__WHAT YOU HAVE TO DO__: Retype the entries below word for word, leaving out every picture.
┌─ EXERCISE MATERIALS
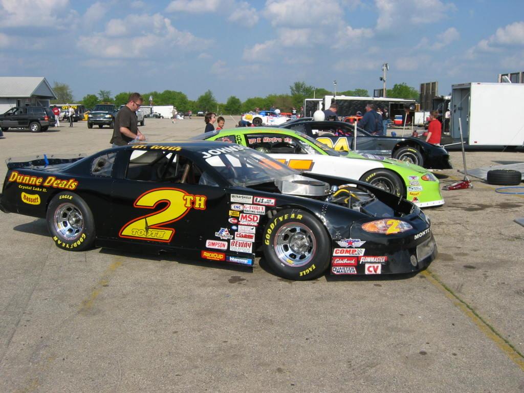 late model in pits at lake geneva
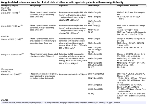 - 109. Zhang B, Cheng Z, Chen J, et al. Efficacy and safety of mazdutide in Chinese patients with type 2 diabetes: a randomized, double‐blind, placebo‐controlled phase 2 trial. Diabetes Car. 2024;47(1):160–168.
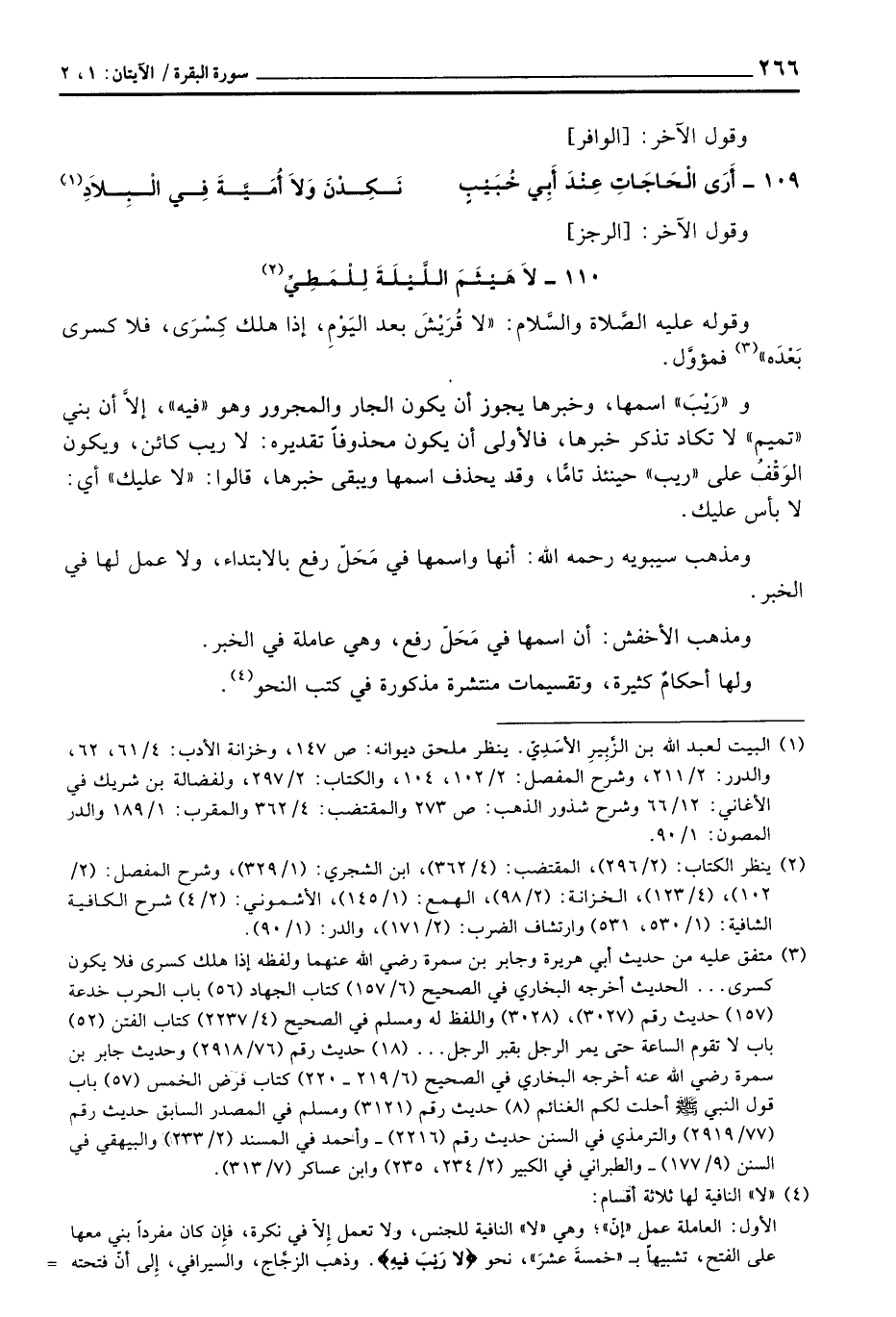 110 - لاَ هَيْثَمَ اللَّيْلَةَ لِلْمَطِيِّ ... وقوله عليه الصَّلاة والسَّلام:» لا قُرَيْشَ بعد اليَوْمِ، إذا هلك كِسْرَى، فلا كسرى بَعْدَه «فمؤوَّل.
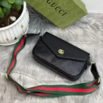 The Gucci Ophidia Pochette Women’s Bag is a sleek and sophisticated accessory that perfectly blends vintage charm with modern elegance. Crafted from GG Supreme canvas with luxurious leather trim, this compact yet stylish pochette features Gucci’s signature green and red Web stripe, a nod to the brand’s rich heritage. The gold-tone Double G logo adds a refined touch, making it an effortless statement piece for both casual and formal occasions.
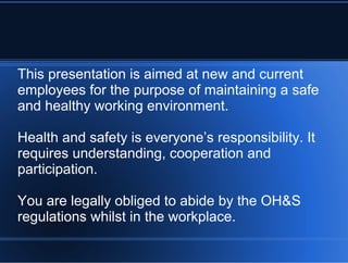 This presentation outlines the health and safety policies and procedures for employees. It discusses maintaining a safe work environment, identifying potential hazards, controlling risks, reporting incidents, emergency procedures, and the responsibilities of employers and employees. Key aspects covered include current safety procedures, equipment safety checks, health and safety representatives, common hazards, inspection processes, and emergency response plans. Resources for further information on occupational health and safety are also provided.
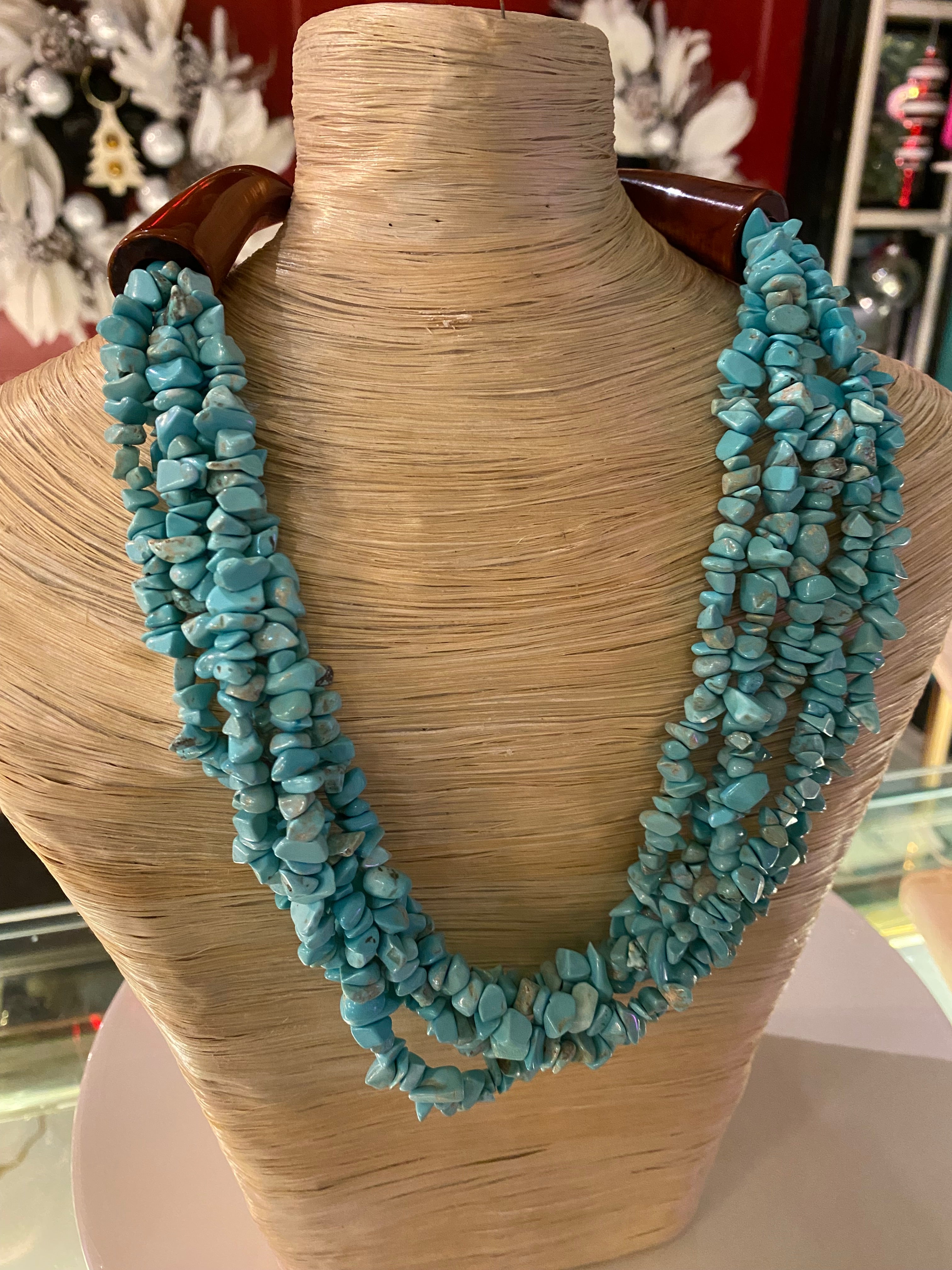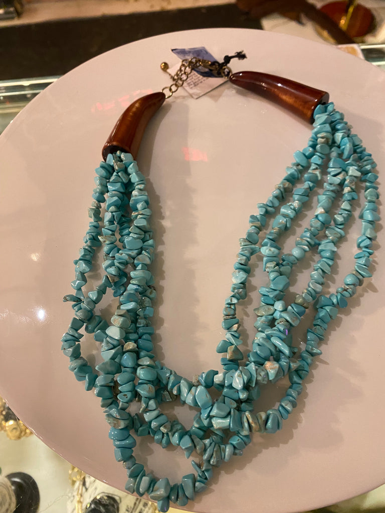 5 strain Turquoise Stone Necklace w/ Brown horn Design - Stone Rock - Lobster Claw Closer
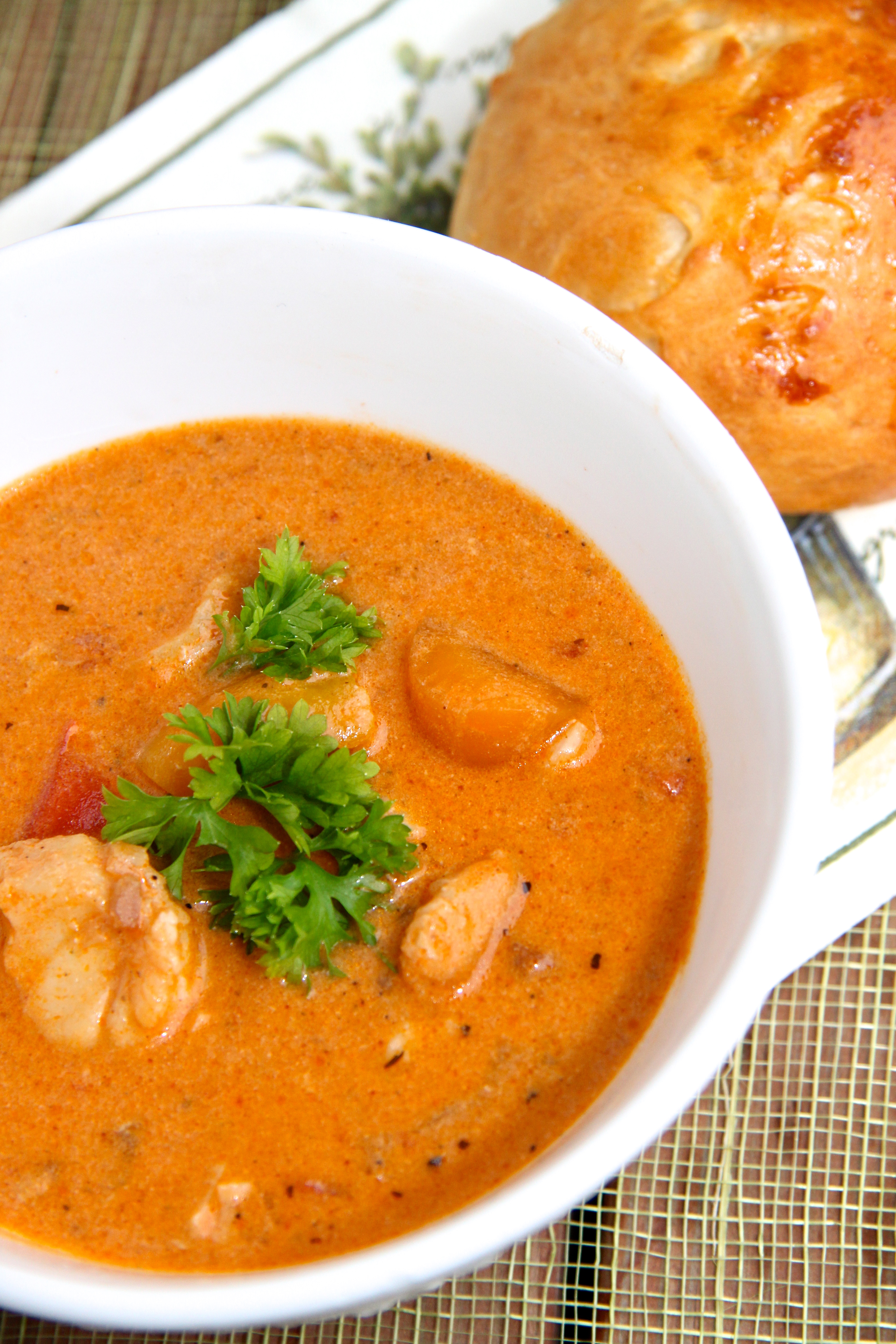 Ein matskeið olíu hituð í potti og hvítlaukurinn steiktur í skamma stund. Áður en hann byrjar að brenna er hann tekinn upp úr og settur til hliðar. Tveimur matskeiðum af olíu bætt við í sama pott og gulrætur, laukur og paprika brúnuð. Því næst er tómatpúrru, niðursoðnu tómötum, vatni, fiskikrafti, kjúklingakrafti, tandoori masala, karríi ásamt hvítlauknum bætt út í. Strax á eftir eru sólþurrkuðu tómatarnir sneiddir niður og þeim ásamt mango chutney, sætu chilisósunni og rjómanum bætt út í. Smakkað til með salti, pipar og meira kryddi ef með þar, látið malla í um það bil fimmtán mínútur (því lengur því betra). Þá er þorsknum og löngunni bætt út í og leyft að malla í súpunni í nokkrar mínútur. Rétt áður en súpan er borin fram er rækjum bætt út í. Fallegt að skreyta með steinselju. Súpan er borin fram með góðu brauði.
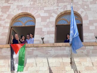 Videocollegamento tra i sindaci di Assisi e Betlemme Il sindaco di Assisi, Valter Stoppini, ha esposto la bandiera della Palestina sulla facciata del palazzo comunale [Leggi]
└─
__OUTPUT__:
 late model in pits at lake geneva
 - 109. Zhang B, Cheng Z, Chen J, et al. Efficacy and safety of mazdutide in Chinese patients with type 2 diabetes: a randomized, double‐blind, placebo‐controlled phase 2 trial. Diabetes Car. 2024;47(1):160–168.
 110 - لاَ هَيْثَمَ اللَّيْلَةَ لِلْمَطِيِّ ... وقوله عليه الصَّلاة والسَّلام:» لا قُرَيْشَ بعد اليَوْمِ، إذا هلك كِسْرَى، فلا كسرى بَعْدَه «فمؤوَّل.
 The Gucci Ophidia Pochette Women’s Bag is a sleek and sophisticated accessory that perfectly blends vintage charm with modern elegance. Crafted from GG Supreme canvas with luxurious leather trim, this compact yet stylish pochette features Gucci’s signature green and red Web stripe, a nod to the brand’s rich heritage. The gold-tone Double G logo adds a refined touch, making it an effortless statement piece for both casual and formal occasions.
 This presentation outlines the health and safety policies and procedures for employees. It discusses maintaining a safe work environment, identifying potential hazards, controlling risks, reporting incidents, emergency procedures, and the responsibilities of employers and employees. Key aspects covered include current safety procedures, equipment safety checks, health and safety representatives, common hazards, inspection processes, and emergency response plans. Resources for further information on occupational health and safety are also provided.
 5 strain Turquoise Stone Necklace w/ Brown horn Design - Stone Rock - Lobster Claw Closer
 Ein matskeið olíu hituð í potti og hvítlaukurinn steiktur í skamma stund. Áður en hann byrjar að brenna er hann tekinn upp úr og settur til hliðar. Tveimur matskeiðum af olíu bætt við í sama pott og gulrætur, laukur og paprika brúnuð. Því næst er tómatpúrru, niðursoðnu tómötum, vatni, fiskikrafti, kjúklingakrafti, tandoori masala, karríi ásamt hvítlauknum bætt út í. Strax á eftir eru sólþurrkuðu tómatarnir sneiddir niður og þeim ásamt mango chutney, sætu chilisósunni og rjómanum bætt út í. Smakkað til með salti, pipar og meira kryddi ef með þar, látið malla í um það bil fimmtán mínútur (því lengur því betra). Þá er þorsknum og löngunni bætt út í og leyft að malla í súpunni í nokkrar mínútur. Rétt áður en súpan er borin fram er rækjum bætt út í. Fallegt að skreyta með steinselju. Súpan er borin fram með góðu brauði.
 Videocollegamento tra i sindaci di Assisi e Betlemme Il sindaco di Assisi, Valter Stoppini, ha esposto la bandiera della Palestina sulla facciata del palazzo comunale [Leggi]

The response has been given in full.